Adoraba la playa y acostarse al sol. Cuando no la dejabas entrar a la
cocina, se metía por la ventana. Una vez se tiró un pedo en la cara de mi
mejor amiga. Mi mejor amiga la bautizó «Perra pedorra». No jugaba con
otros perros. Caminaba apurada, por eso Daniel le había puesto Tiki. Sus
pasitos hacían tiki, tiki, tiki. El mar y los gatos le daban miedo. Cuando mi
vieja nos retaba, se escondía abajo de la mesa. Le gustaba enterrar huesos en
las macetas. Se limaba las uñas atrás del sillón. Se desesperaba por el pollo,
el bizcochuelo de vainilla y el asado. No comía pizza ni salchichas.
Escatimaba los besos, te los daba cuando quería. Odiaba que le sacaras fotos.
Cuando le cortábamos el pelo, no salía de la cucha. Sólo hacía pis en la mitad
de la calle. Los autos nos tocaban bocina, y ella los miraba con cara de «No
me apures, estoy haciendo algo importante».

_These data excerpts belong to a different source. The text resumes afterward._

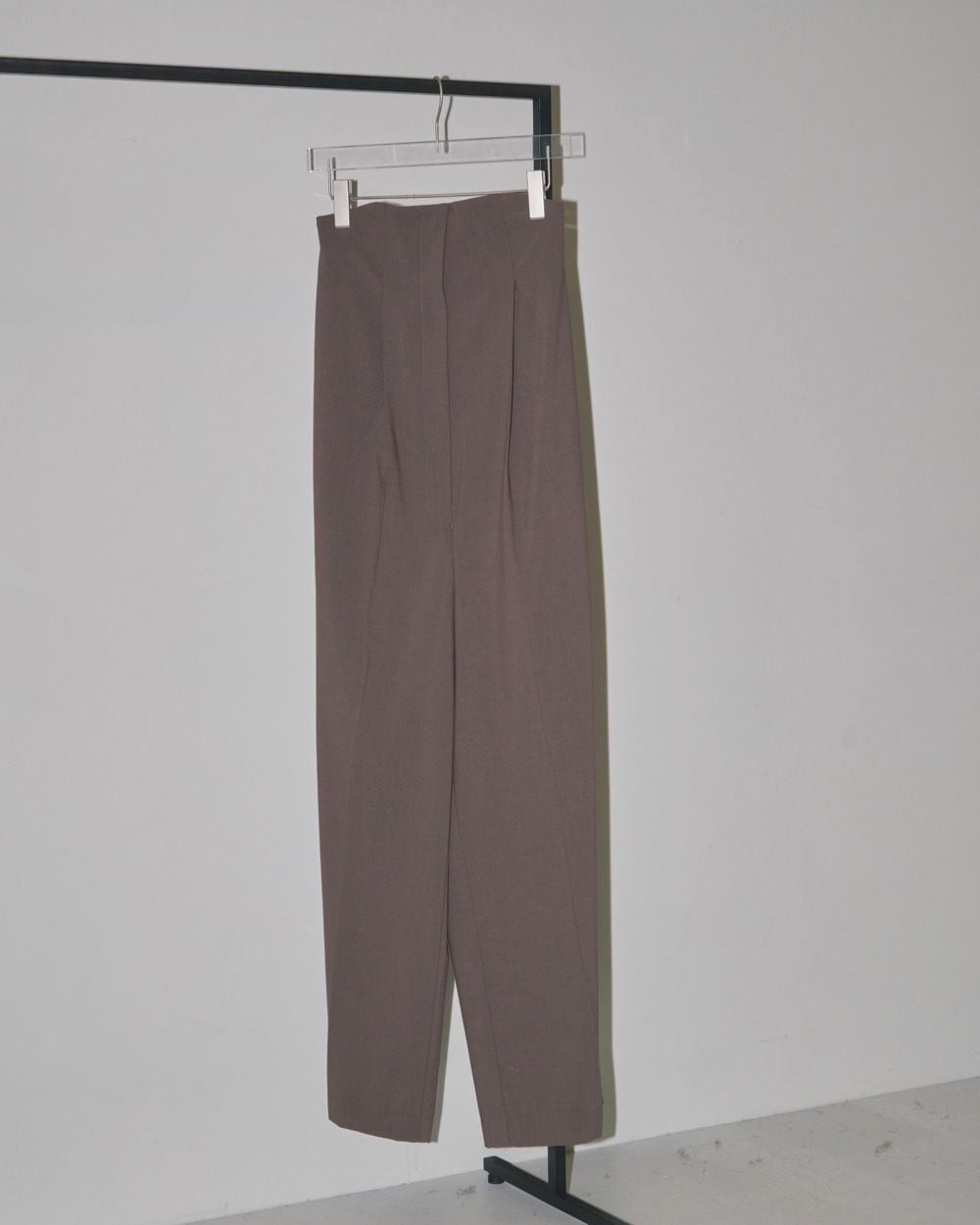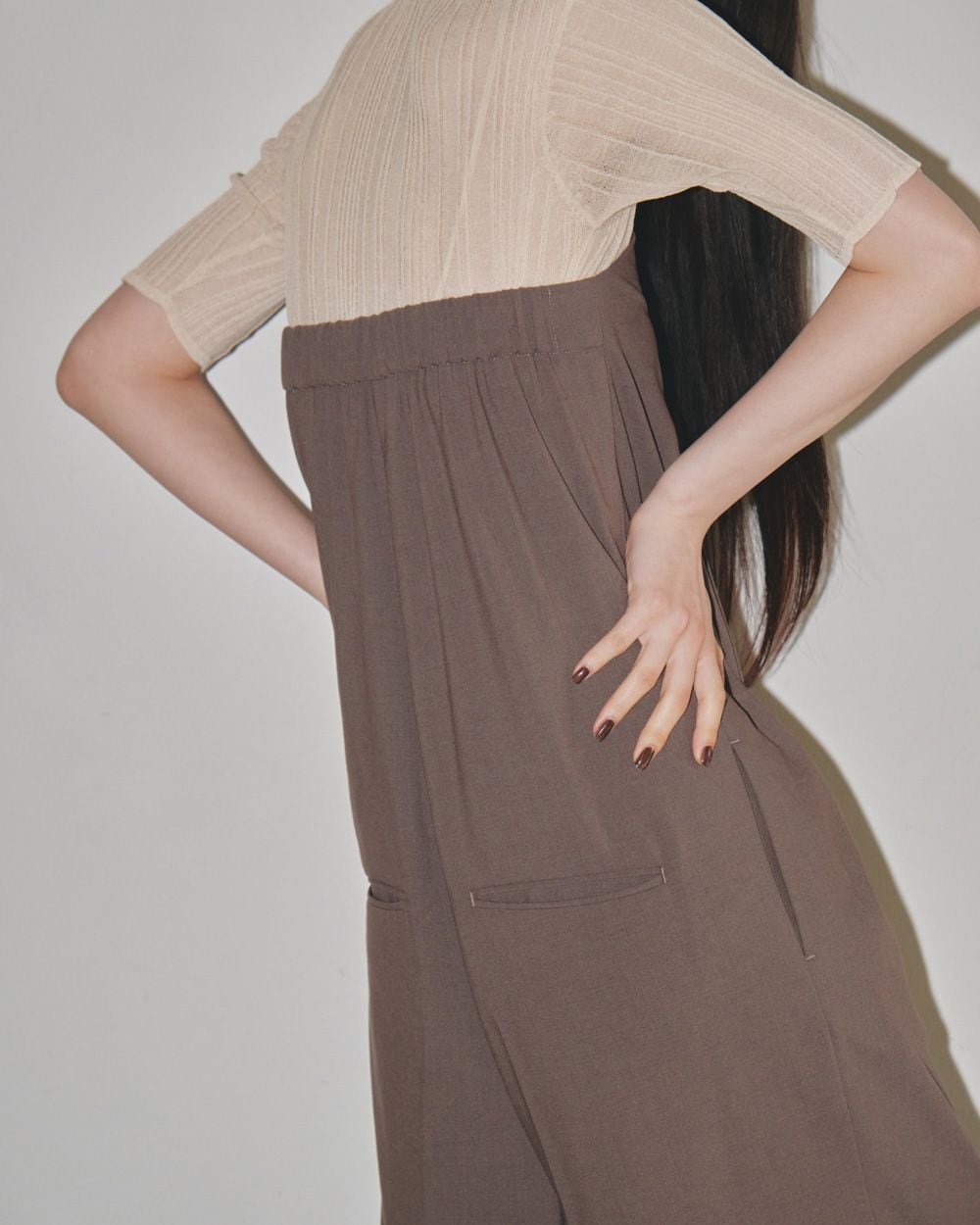 ウール混のきれいな表情のツイル生地を使用したベアコンビネゾン。左右にあしらった深めのシングルタックと、センタープレスの利いたデザインが魅力。パーティールックな着こなしはもちろん、シャツやカットソーをレイヤードしても◎ サイズ調節が可能なタブ付き。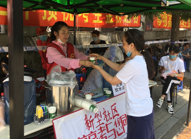 天健网消息(大连新闻传媒集团记者 毛雪梅)今天是高考的第一天,新型社区工作者和国学堂志愿服务队的志愿者们早早来到51中考点,在这里设立志愿服务站,为考生和家长提供饮用水、文具、应急药箱、雨衣、应急车辆等免费服务。高考期间,新型社区工作者、春柳街派出所民警、春柳综合行政执法队、春柳社区卫生服务中心医护人员、国学堂志愿服务队联合开展“护航高考 与您同行”活动。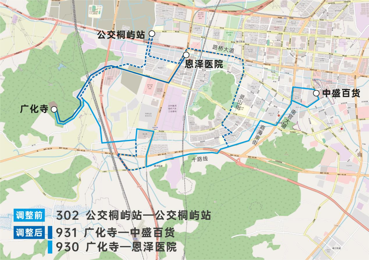 由“公交桐嶼站-經(jīng)螺洋-公交桐嶼站”的環(huán)線變更為930路“廣化寺—恩澤醫(yī)院”和931路“廣化寺—中盛百貨”。
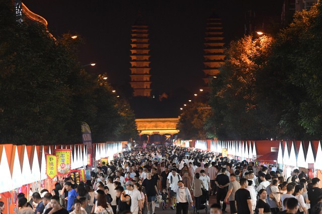 2024年7月16日,山西太原,雙塔寺前人山人海。豐富多彩的夜間主題活動,滿足人們舒適納涼的需求,進(jìn)一步催熱“夏日夜經(jīng)濟(jì)”。視覺中國 資料圖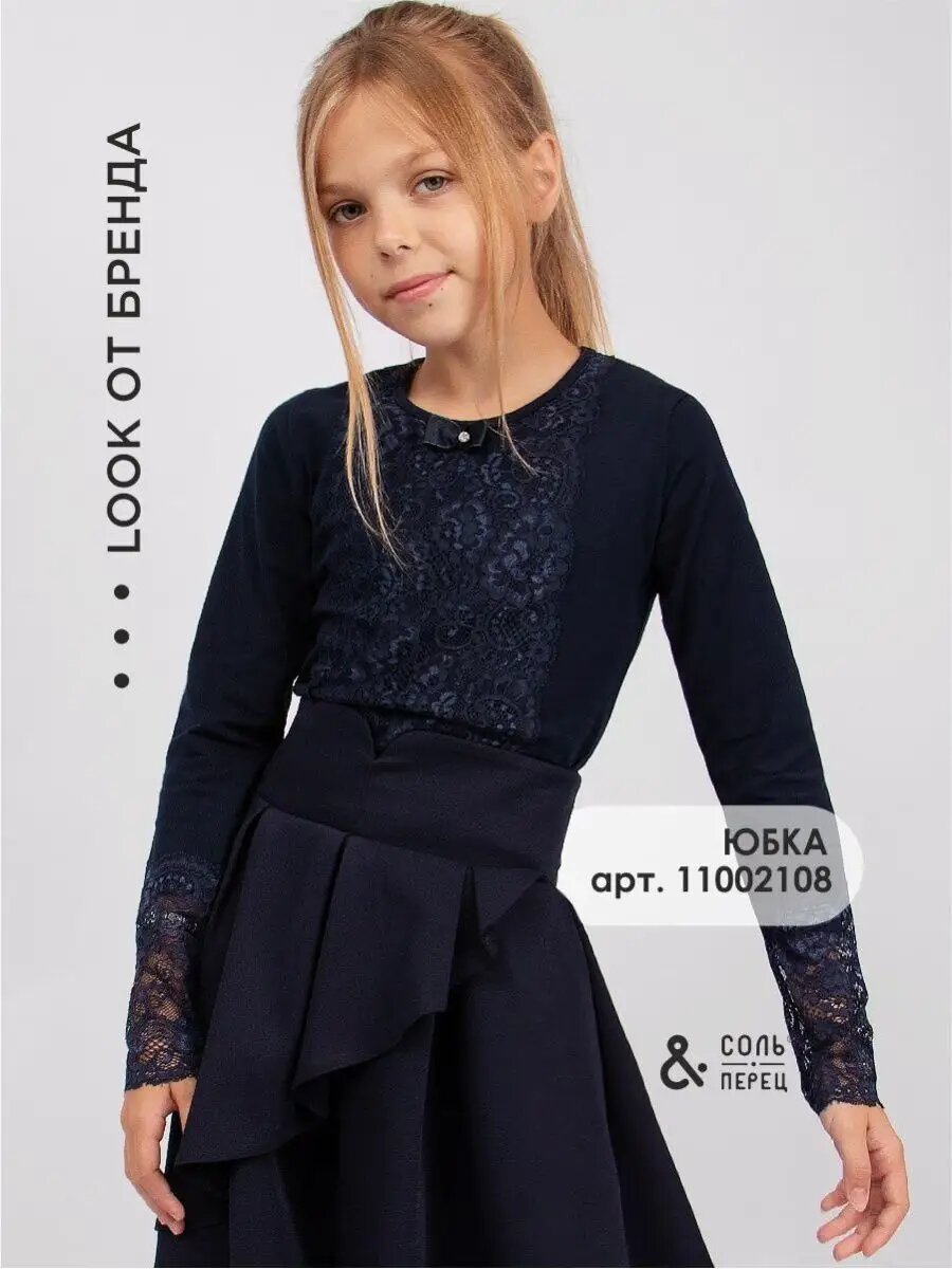 Школьная блуза Соль&Перец, размер 146, темно-синий/синий интересное: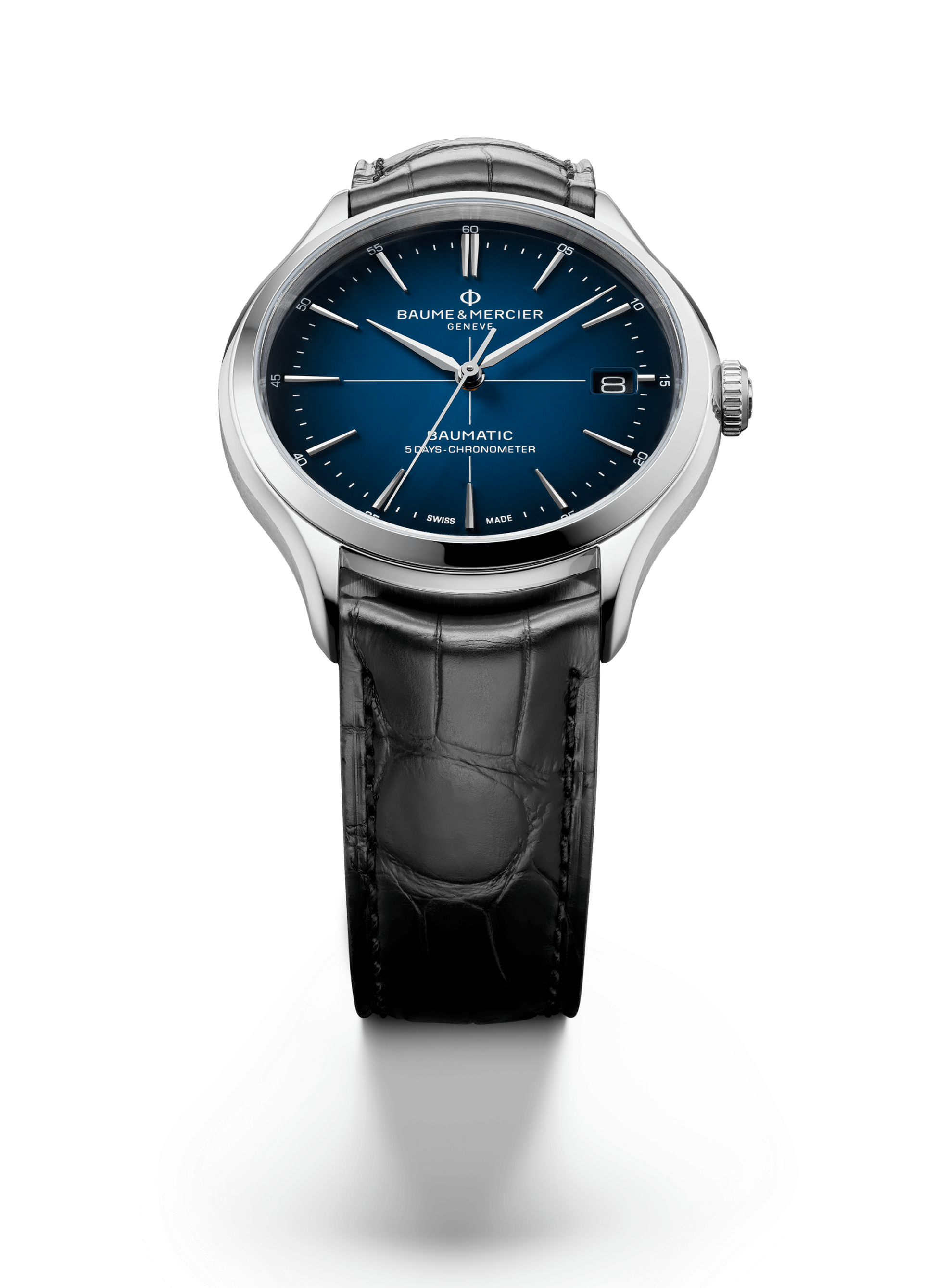 A Swiss chronometer watch for men, the Clifton Baumatic 10467 and its manufacture automatic calibre Baumatic is a fitting timepiece for the modern individual. It features a gradient blue dial paired with a satin-finished stainless steel case and a finely-stitched black alligator strap.
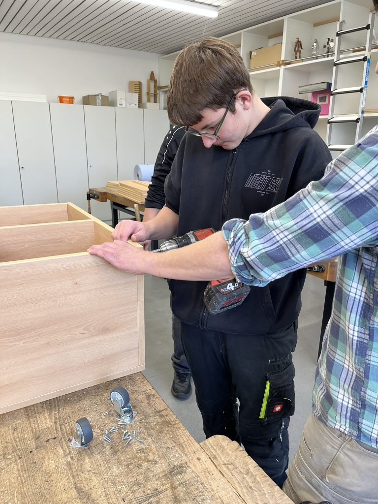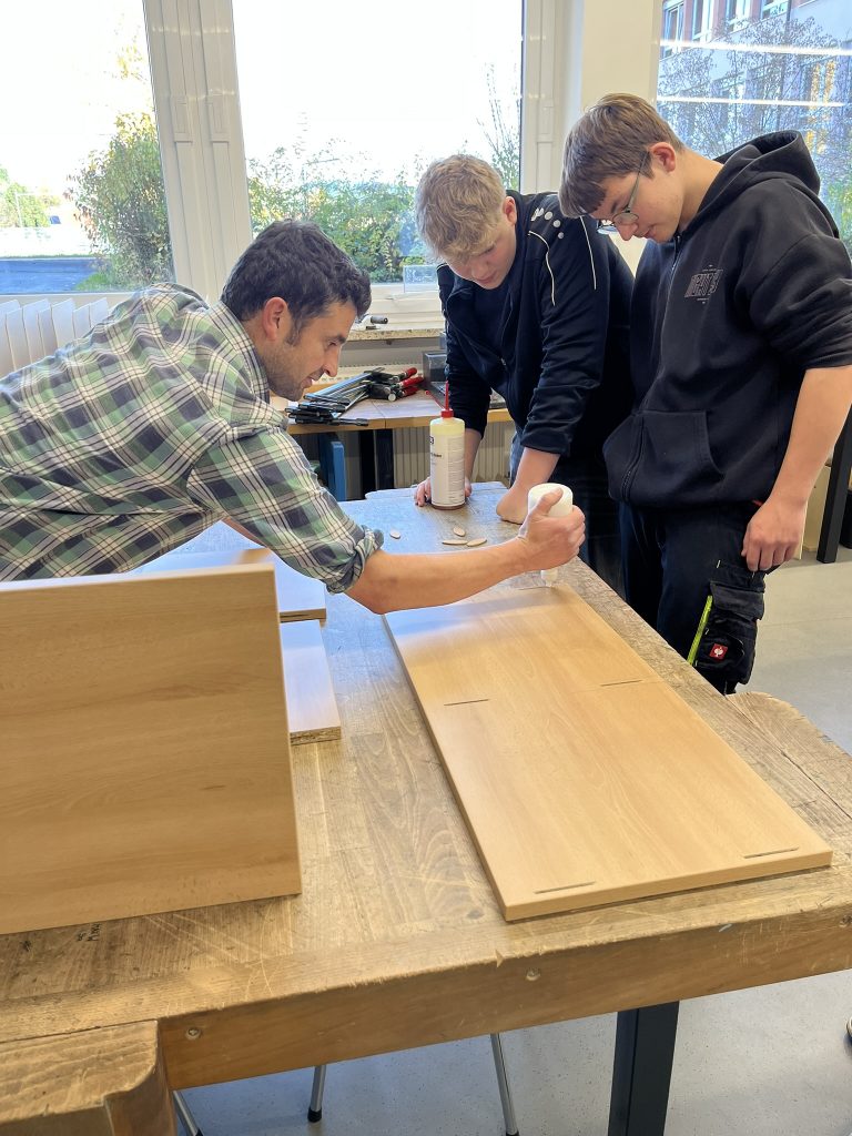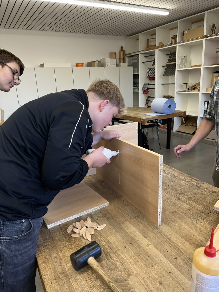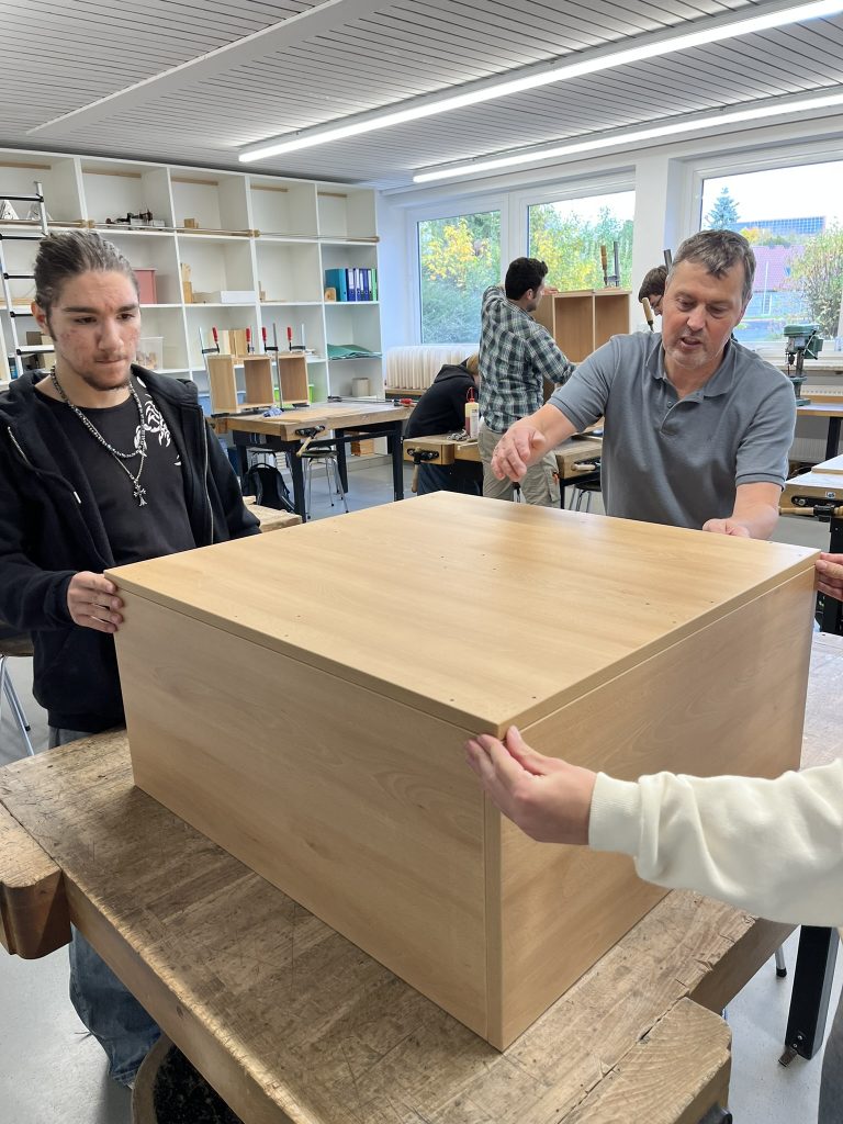 In diesem Schuljahr konnten die Schüler im Werkraum der Schule die Regale zusammenbauen. Mitarbeiter der Schreinerei Kreuzer brachten Material und einzelne Werkzeuge mit und wiesen die Schüler bei der Montage an: Leimen, Spannen, Messen, Anreißen, Bohren, Montieren, Rollen anbringen. Anschließend wurden die fertigen Regale einer Funktionskontrolle unterzogen, die sie natürlich bestanden haben.
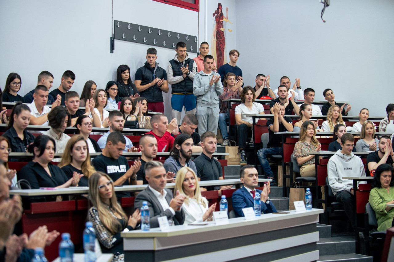 U amfiteatru Pravnog fakulteta za privredu i pravosuđe 2.10.2023. godine održan je svečani prijem brucoša. Studente je pozdravio dekan, prof. dr Milan Počuča, kao i prof. dr Sanja Škorić, prodekanka za nastavu, prof. dr Marijana Mladenov prodekanka za međunarodnu saradnju i prof. dr Jelena Matijašević, prodekanka za nauku.

Nos mudamos a un departamento y no quiso jugar más. Mi mamá decía
que estaba deprimida, como ella, por el encierro. Le empezó a fallar el hígado
y no pudo comer más «comida humana». Estuvimos semanas dándole
alimento canino envuelto en queso, porque solo no lo probaba. Discutí con
mi vieja porque para mí era injusto darle de comer algo que no le gustara.
Ella me respondió que eso comían todos los perros y que Salomé se iba a
acostumbrar. Insistí y me retrucó; No puede ser tan feo. Entonces agarré la
bolsa de alimento, y me metí cinco piedras de carne en la boca. Fue lo más
horrible que comí en la vida, y eso que existe el mondongo. Mi vieja me gritó
«¡Escupí eso, Magalí!». Le dije: «¿Viste que es un asco?». Y ella respondió:
«No me hables ahora que tenés un aliento de mierda».
Le volvimos a dar comida humana. El hígado volvió a fallar, y Salomé no
tuvo más remedio que acostumbrarse a ese patético sabor del alimento
balanceado.
Cuando cumplió catorce años, nos mudamos a una casa y Salo cambió.
Se volvió, en contra de los pronósticos de la edad, una perra más feliz e
inquieta. Se la pasaba caminando de un lado a otro, saltando, buscando otra
vez la pelota de tenis por los rincones. También empezó a hacer cosas raras,
como esconderse atrás de una planta y pasar horas ahí, mirando la pared. Yo
empecé a pensar que tenía una especie de Alzheimer. Pero nunca le hicimos
estudios. La veíamos más viva que siempre.